## [EXERCISE AIM]
An exact copy of every record is needed, with all pictures omitted.

Stored entries
=== Begin Enclosure ===

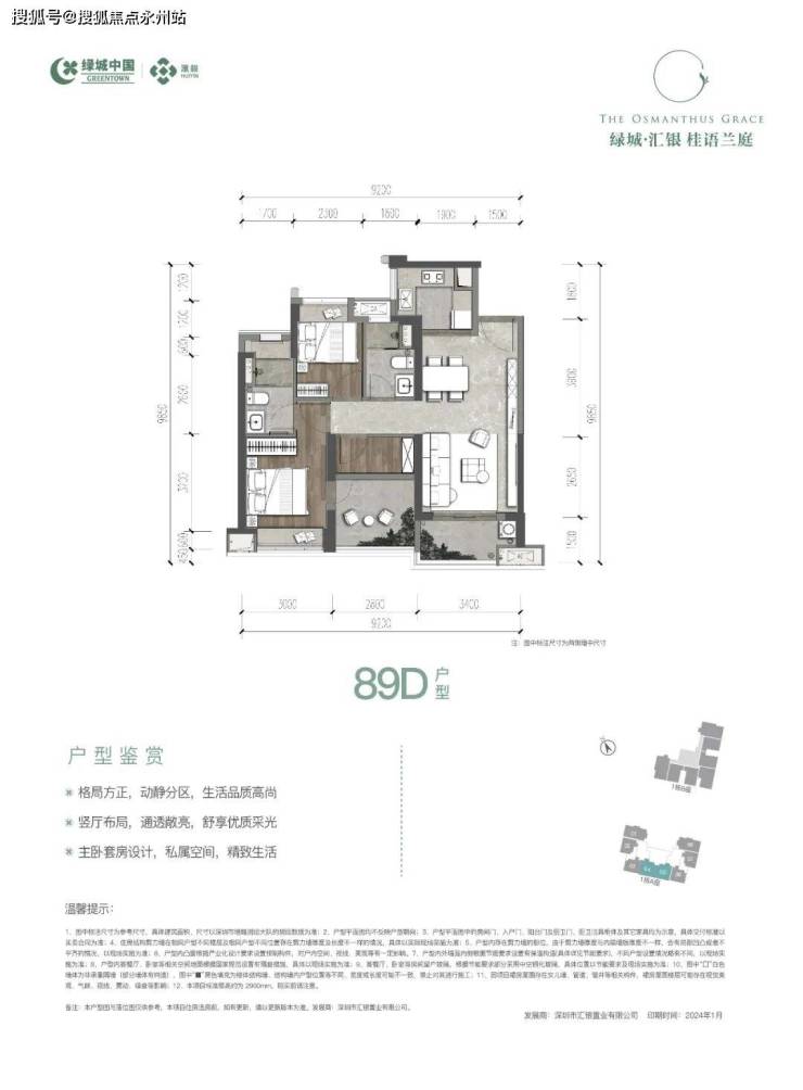 89㎡的3房2厅2卫(D户型),设计的是经典竖厅格局,餐客厅一体化,客厅3.4米开间,三开间朝南,3个卧室分别是3米/2.8米/2.3米的宽度,U型厨房,阳台1.5米进深,西南朝向。
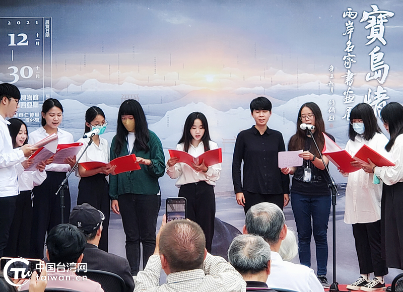 最后,中華兩岸和平發(fā)展聯(lián)合會主席潘朝陽教授做結(jié)發(fā)言,開幕儀式在詩歌朗誦隊獻唱《少年中國》之后結(jié)束,全體與會人員移步展場觀賞書畫作品。
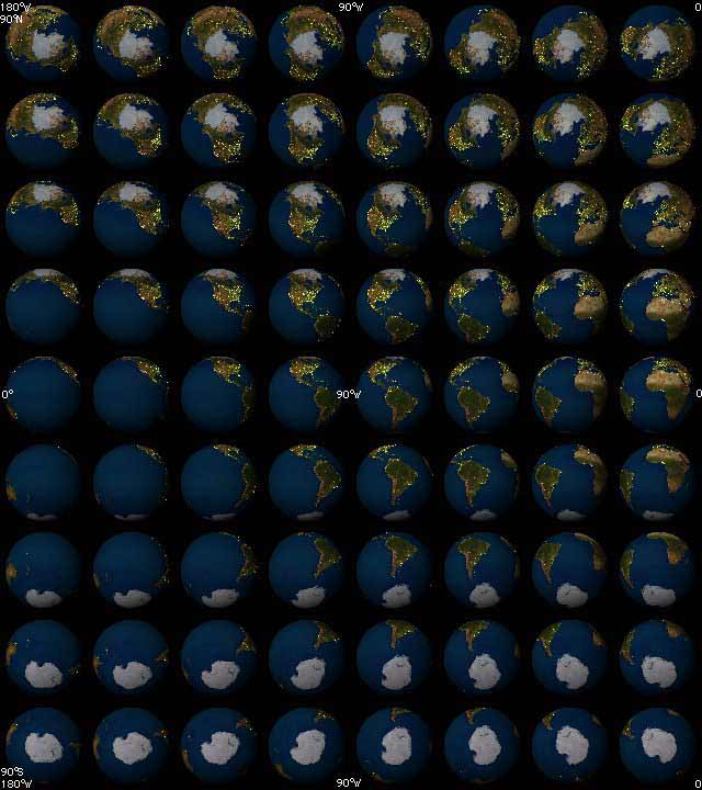 The thumbnails are arranged by longitude, left to right from 180 degrees West to 0 degrees, in increments of 22.5 degrees rotation. Latitude is arranged top to bottom from 90 degrees North to 90 degrees South, in increments of 22.5 degrees. Click here to view from 0 degrees longitude to 180 degrees East or scroll down this page. View sample image.
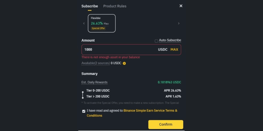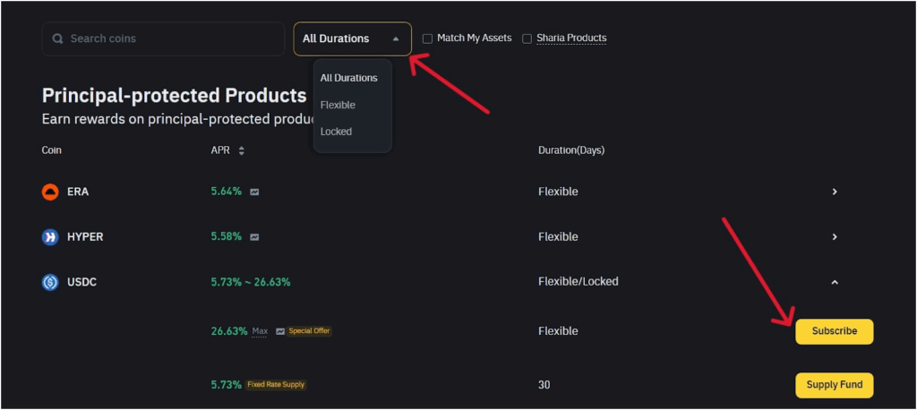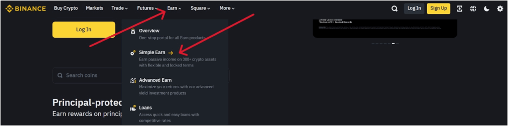 3. Выбор продукта: Перейдите в раздел Binance Earn и выберите стейкинг USDT.
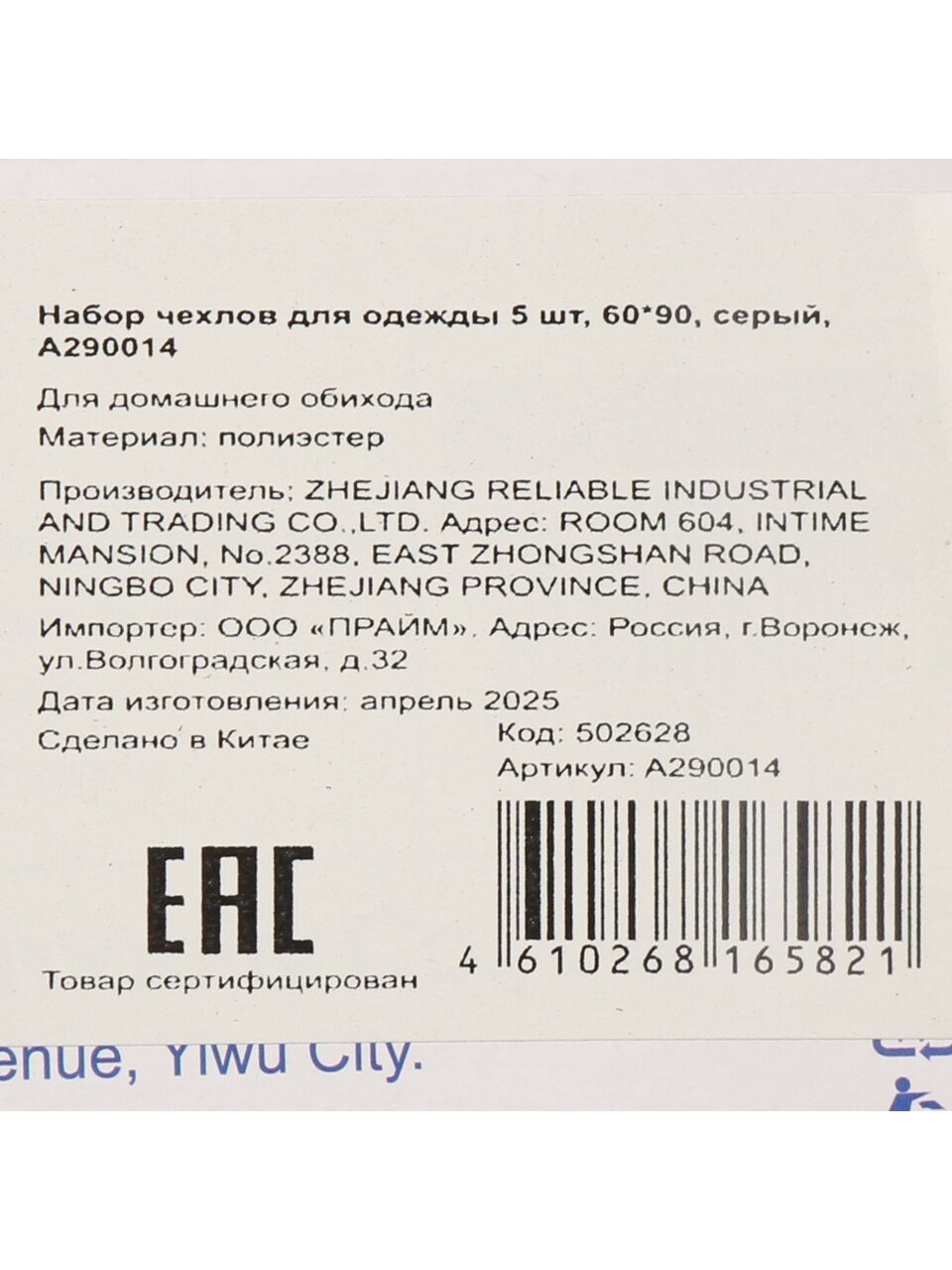 Вы можете приобрести «Набор чехлов для одежды 60х90 см, полиэстер, без кармана, 5 шт, серый, A290014» и другие товары в нашем интернет-магазине в Орле по низким ценам и с бесплатным самовывозом.
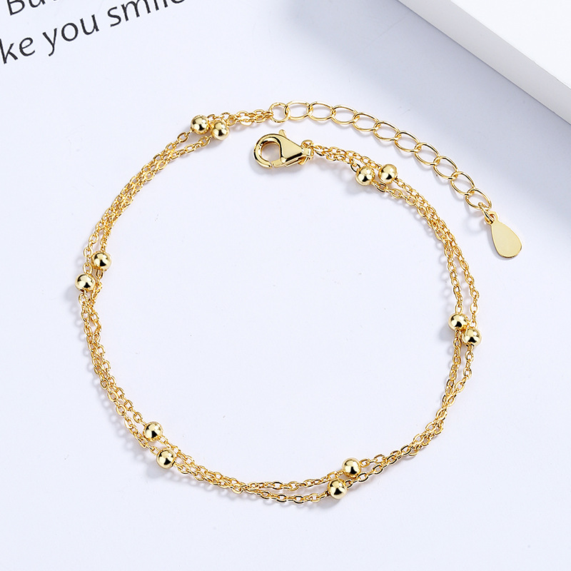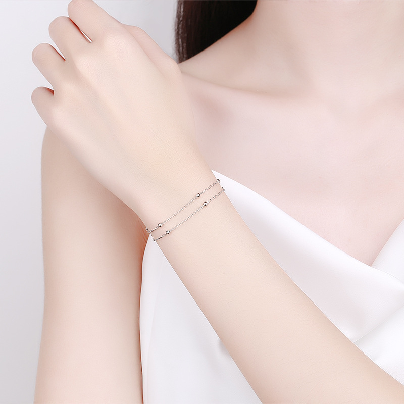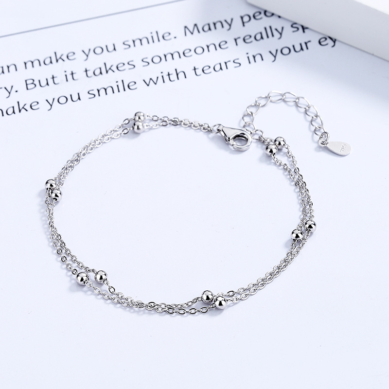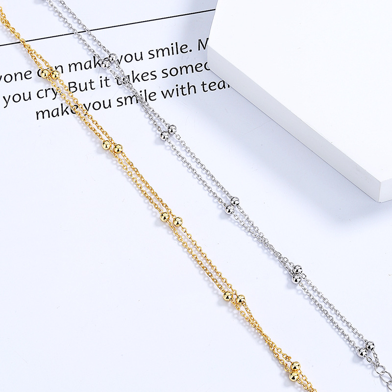 圆珠子双层手链女925纯银ins小众设计日韩极简约豆豆细链子手饰品
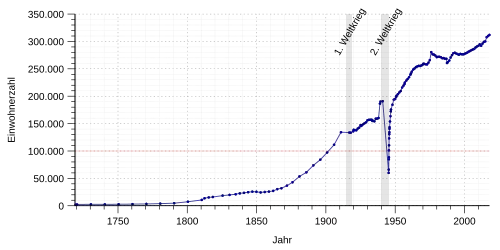Die folgende Übersicht zeigt die Einwohnerzahlen nach dem jeweiligen Gebietsstand. Bis 1830 handelt es sich meist um Schätzungen, danach um Volkszählungsergebnisse (¹) oder amtliche Fortschreibungen der Stadtverwaltung (bis 1970) und des Statistischen Landesamtes (ab 1971). Die Angaben beziehen sich ab 1837 auf die „Zollabrechnungsbevölkerung“, ab 1871 auf die „Ortsanwesende Bevölkerung“, ab 1925 auf die Wohnbevölkerung und seit 1987 auf die „Bevölkerung am Ort der Hauptwohnung“. Vor 1837 wurde die Einwohnerzahl nach uneinheitlichen Erhebungsverfahren ermittelt.
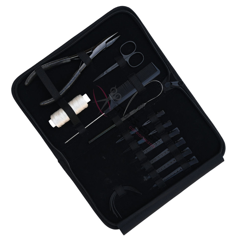 Kit Complet d'Outils pour Extensions Capillaires de Salon : Pince à Sertir, Enfileur de Boucles, Fils de Couture pour Perruques, Peigne à Queue, Aiguilles, Pinces de Coiffure
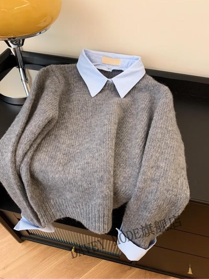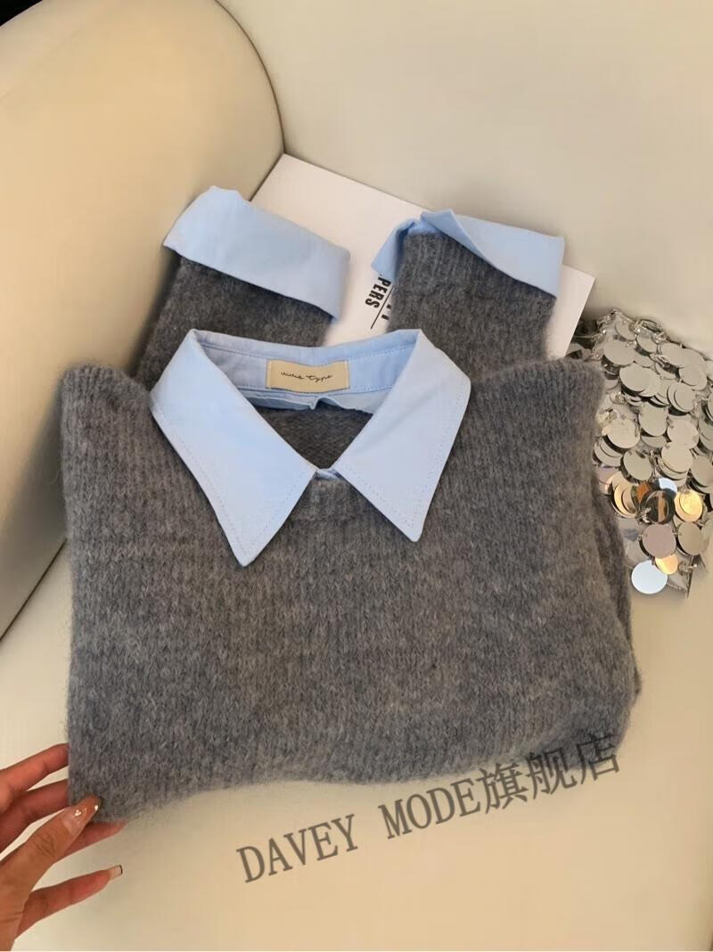 DAVEY MODE假两件衬衫领毛衣女秋装新款内搭慵懒风撞色翻领灰色针织衫上衣 灰色【zt】 L 建议105-115斤
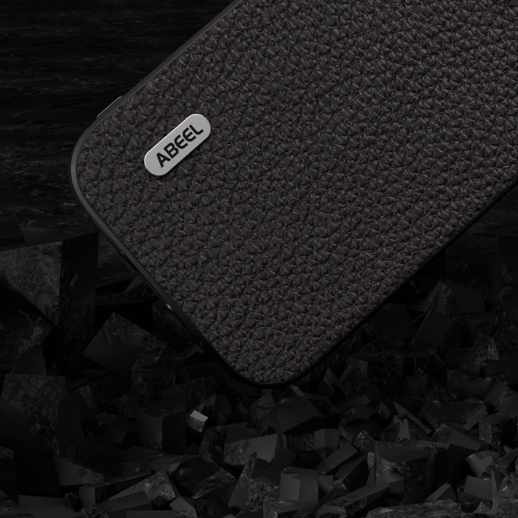 Funda de teléfono Abeel para iPhone 15 Pro Max con textura Litchi de cuero genuino (Negro)

=== End Enclosure ===

## [SOLUTION FOR THIS PROBLEM]
 89㎡的3房2厅2卫(D户型),设计的是经典竖厅格局,餐客厅一体化,客厅3.4米开间,三开间朝南,3个卧室分别是3米/2.8米/2.3米的宽度,U型厨房,阳台1.5米进深,西南朝向。
 最后,中華兩岸和平發(fā)展聯(lián)合會主席潘朝陽教授做結(jié)發(fā)言,開幕儀式在詩歌朗誦隊獻唱《少年中國》之后結(jié)束,全體與會人員移步展場觀賞書畫作品。
 The thumbnails are arranged by longitude, left to right from 180 degrees West to 0 degrees, in increments of 22.5 degrees rotation. Latitude is arranged top to bottom from 90 degrees North to 90 degrees South, in increments of 22.5 degrees. Click here to view from 0 degrees longitude to 180 degrees East or scroll down this page. View sample image.
 3. Выбор продукта: Перейдите в раздел Binance Earn и выберите стейкинг USDT.
 Вы можете приобрести «Набор чехлов для одежды 60х90 см, полиэстер, без кармана, 5 шт, серый, A290014» и другие товары в нашем интернет-магазине в Орле по низким ценам и с бесплатным самовывозом.
 圆珠子双层手链女925纯银ins小众设计日韩极简约豆豆细链子手饰品
Die folgende Übersicht zeigt die Einwohnerzahlen nach dem jeweiligen Gebietsstand. Bis 1830 handelt es sich meist um Schätzungen, danach um Volkszählungsergebnisse (¹) oder amtliche Fortschreibungen der Stadtverwaltung (bis 1970) und des Statistischen Landesamtes (ab 1971). Die Angaben beziehen sich ab 1837 auf die „Zollabrechnungsbevölkerung“, ab 1871 auf die „Ortsanwesende Bevölkerung“, ab 1925 auf die Wohnbevölkerung und seit 1987 auf die „Bevölkerung am Ort der Hauptwohnung“. Vor 1837 wurde die Einwohnerzahl nach uneinheitlichen Erhebungsverfahren ermittelt.
 Kit Complet d'Outils pour Extensions Capillaires de Salon : Pince à Sertir, Enfileur de Boucles, Fils de Couture pour Perruques, Peigne à Queue, Aiguilles, Pinces de Coiffure
 DAVEY MODE假两件衬衫领毛衣女秋装新款内搭慵懒风撞色翻领灰色针织衫上衣 灰色【zt】 L 建议105-115斤
 Funda de teléfono Abeel para iPhone 15 Pro Max con textura Litchi de cuero genuino (Negro)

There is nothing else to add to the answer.